*WHAT IS BEING ASKED*
Take the line containing "- 【كتابة مريحة" and every line after it to the end of the records, and copy them exactly, leaving out pictures.

*THE DATA*
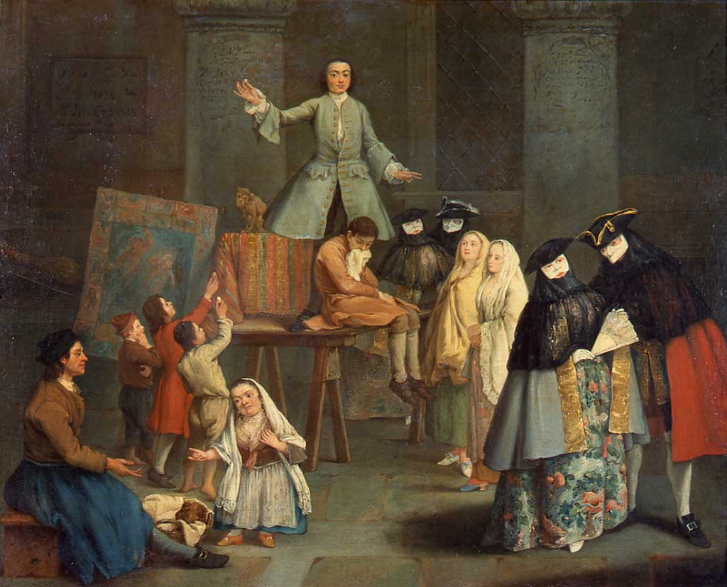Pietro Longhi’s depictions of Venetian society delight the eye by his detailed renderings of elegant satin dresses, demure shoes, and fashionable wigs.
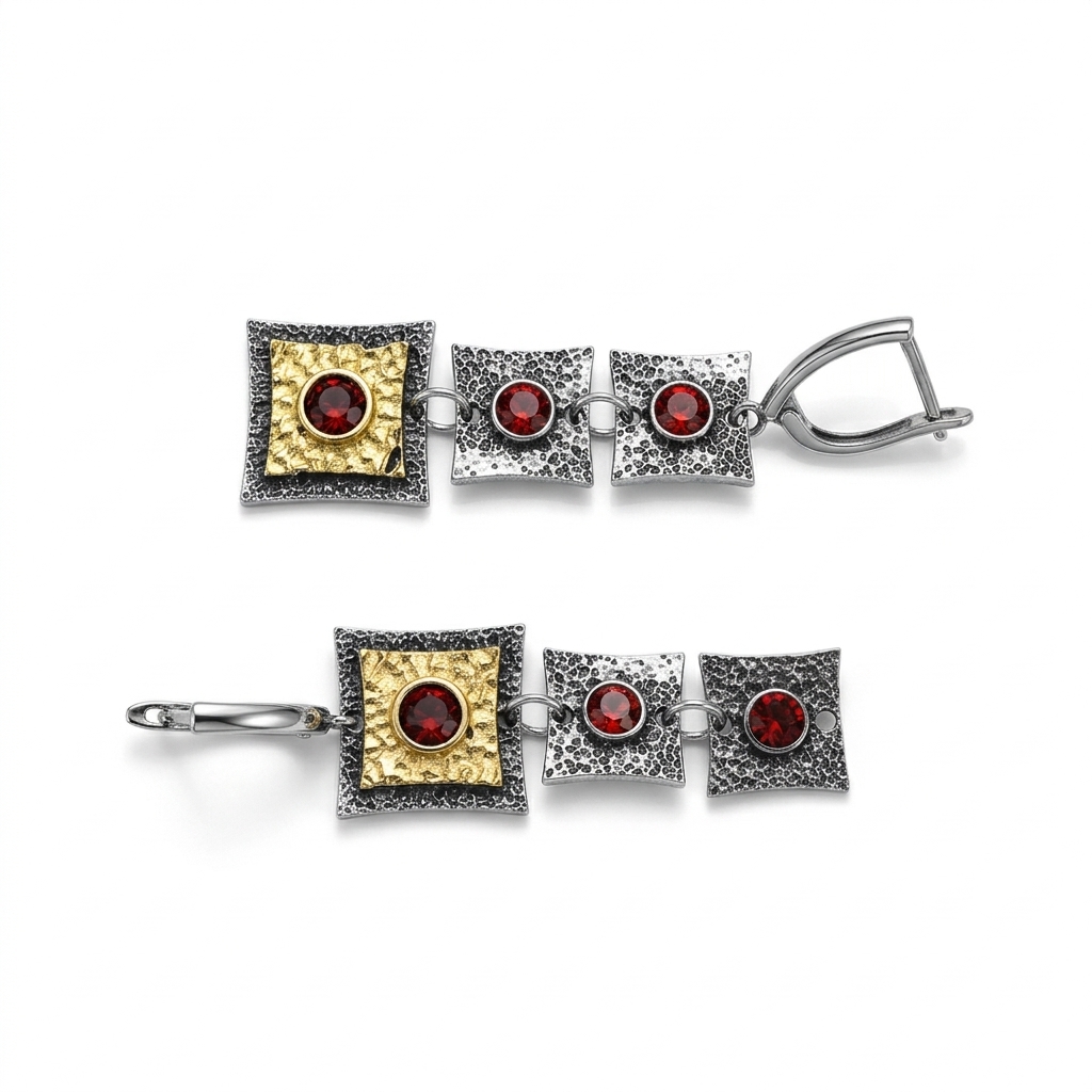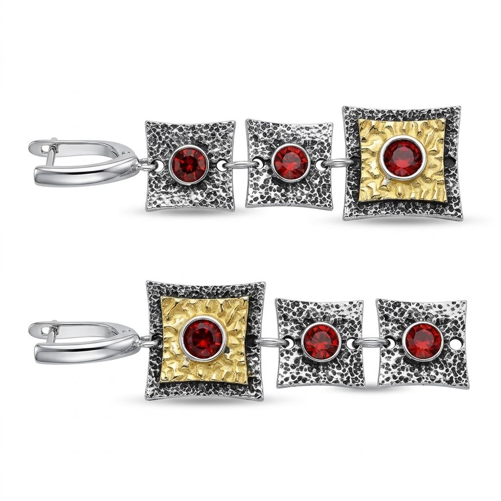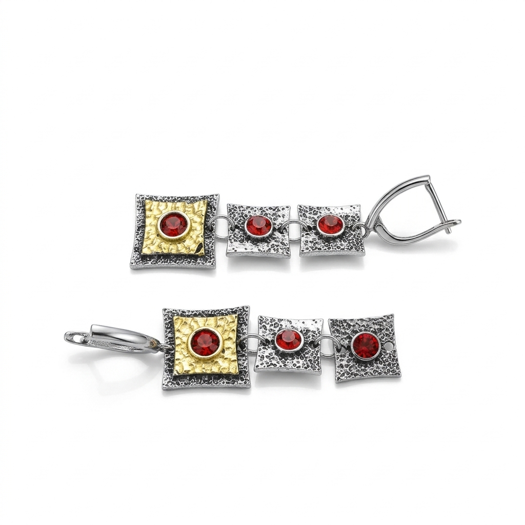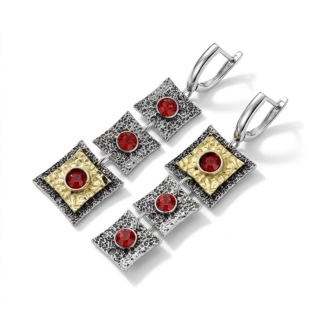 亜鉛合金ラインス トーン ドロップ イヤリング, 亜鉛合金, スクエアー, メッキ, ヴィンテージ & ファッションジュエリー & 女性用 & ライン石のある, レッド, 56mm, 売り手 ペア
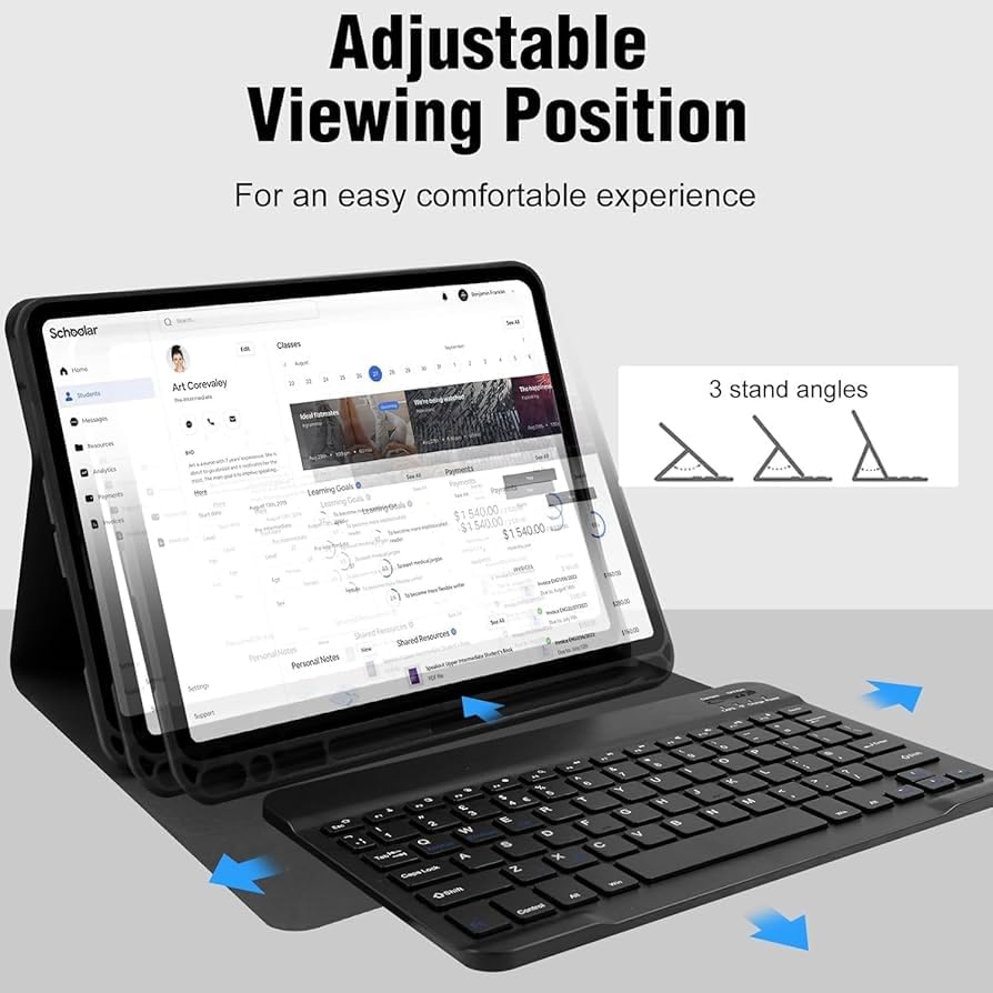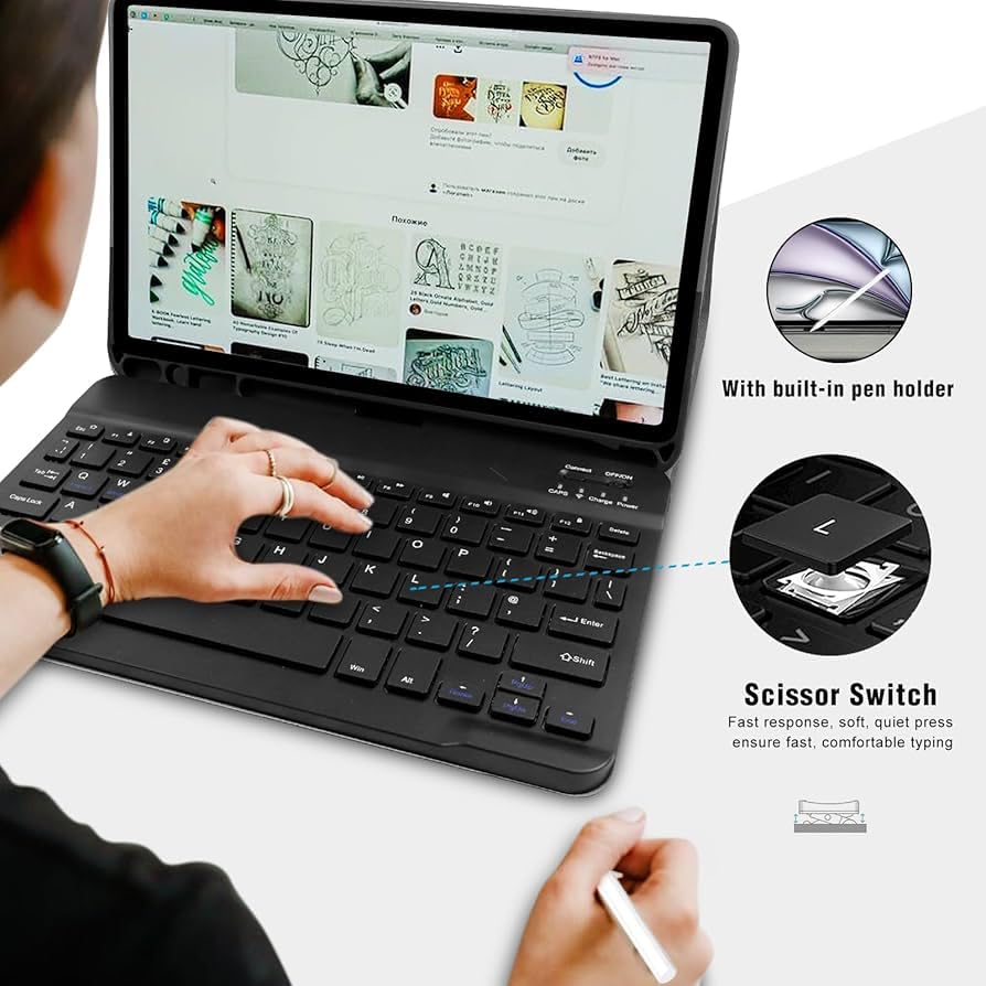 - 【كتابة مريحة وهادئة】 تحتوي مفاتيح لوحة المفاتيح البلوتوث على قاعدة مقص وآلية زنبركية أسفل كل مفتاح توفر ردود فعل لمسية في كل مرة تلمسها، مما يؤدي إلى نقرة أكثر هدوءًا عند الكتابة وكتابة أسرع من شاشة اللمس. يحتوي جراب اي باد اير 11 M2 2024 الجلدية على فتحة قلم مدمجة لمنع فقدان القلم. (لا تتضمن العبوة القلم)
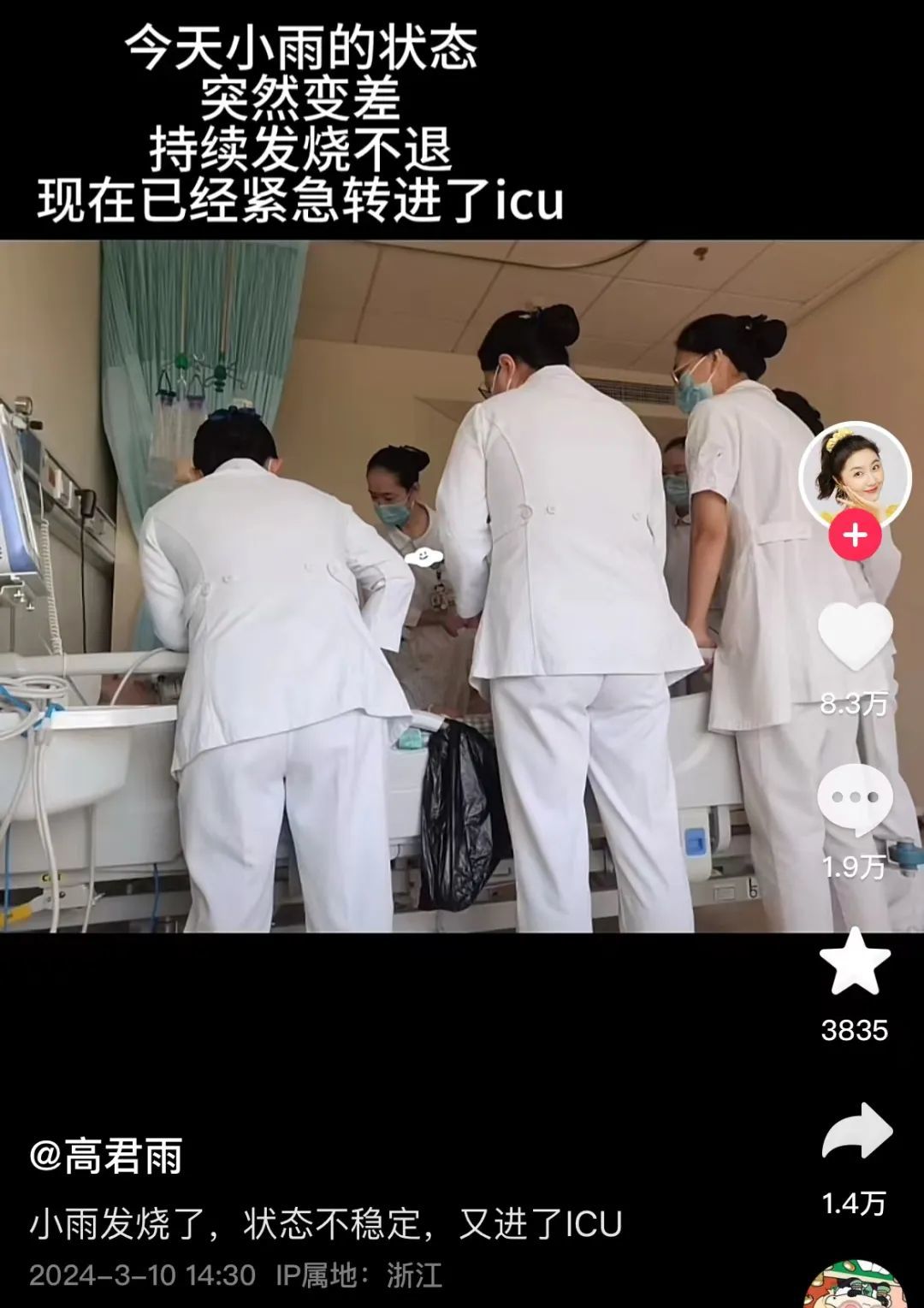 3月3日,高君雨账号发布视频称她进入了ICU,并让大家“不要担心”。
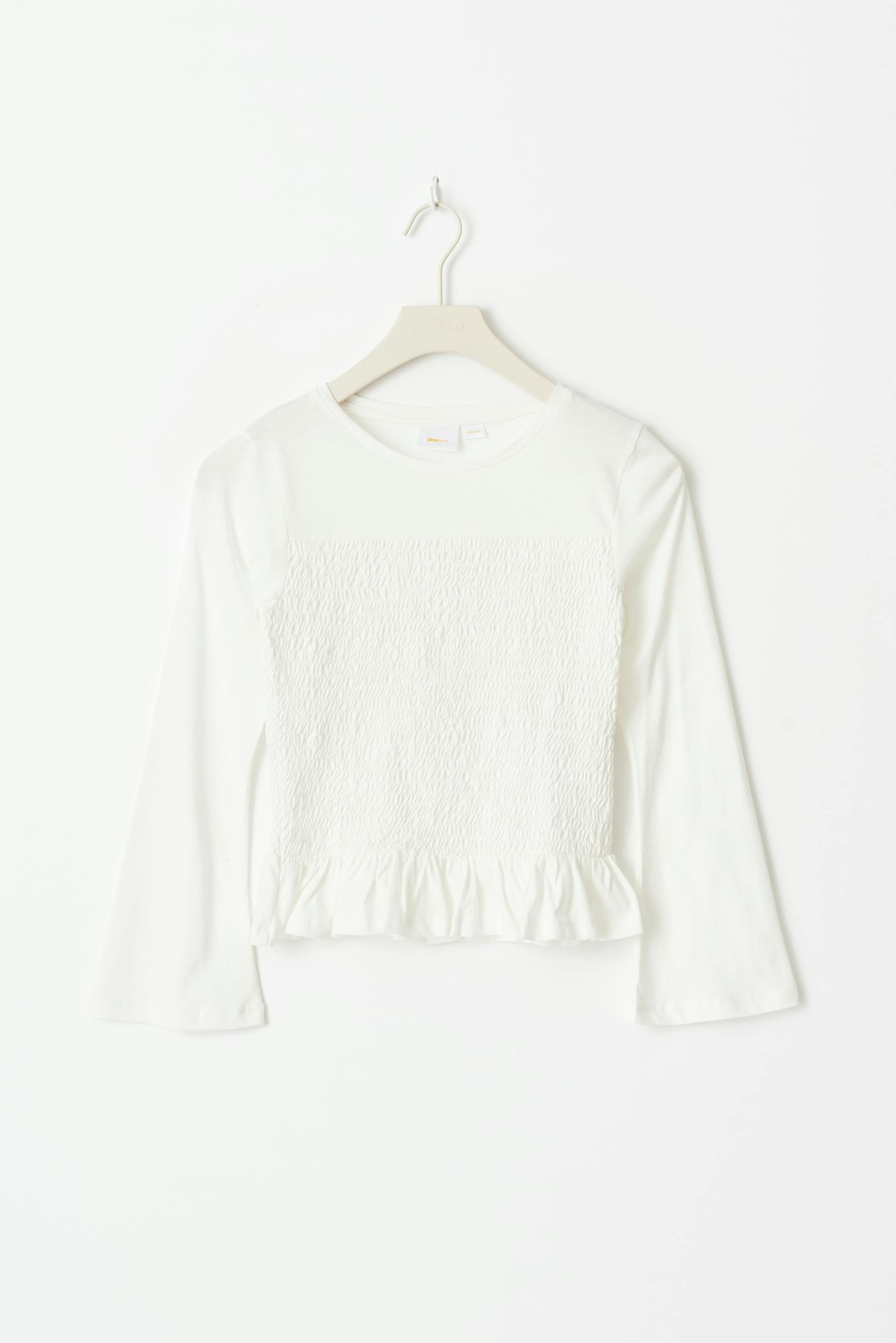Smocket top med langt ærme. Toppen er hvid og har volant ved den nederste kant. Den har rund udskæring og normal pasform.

*RESULT OF THIS TASK*
 - 【كتابة مريحة وهادئة】 تحتوي مفاتيح لوحة المفاتيح البلوتوث على قاعدة مقص وآلية زنبركية أسفل كل مفتاح توفر ردود فعل لمسية في كل مرة تلمسها، مما يؤدي إلى نقرة أكثر هدوءًا عند الكتابة وكتابة أسرع من شاشة اللمس. يحتوي جراب اي باد اير 11 M2 2024 الجلدية على فتحة قلم مدمجة لمنع فقدان القلم. (لا تتضمن العبوة القلم)
 3月3日,高君雨账号发布视频称她进入了ICU,并让大家“不要担心”。
Smocket top med langt ærme. Toppen er hvid og har volant ved den nederste kant. Den har rund udskæring og normal pasform.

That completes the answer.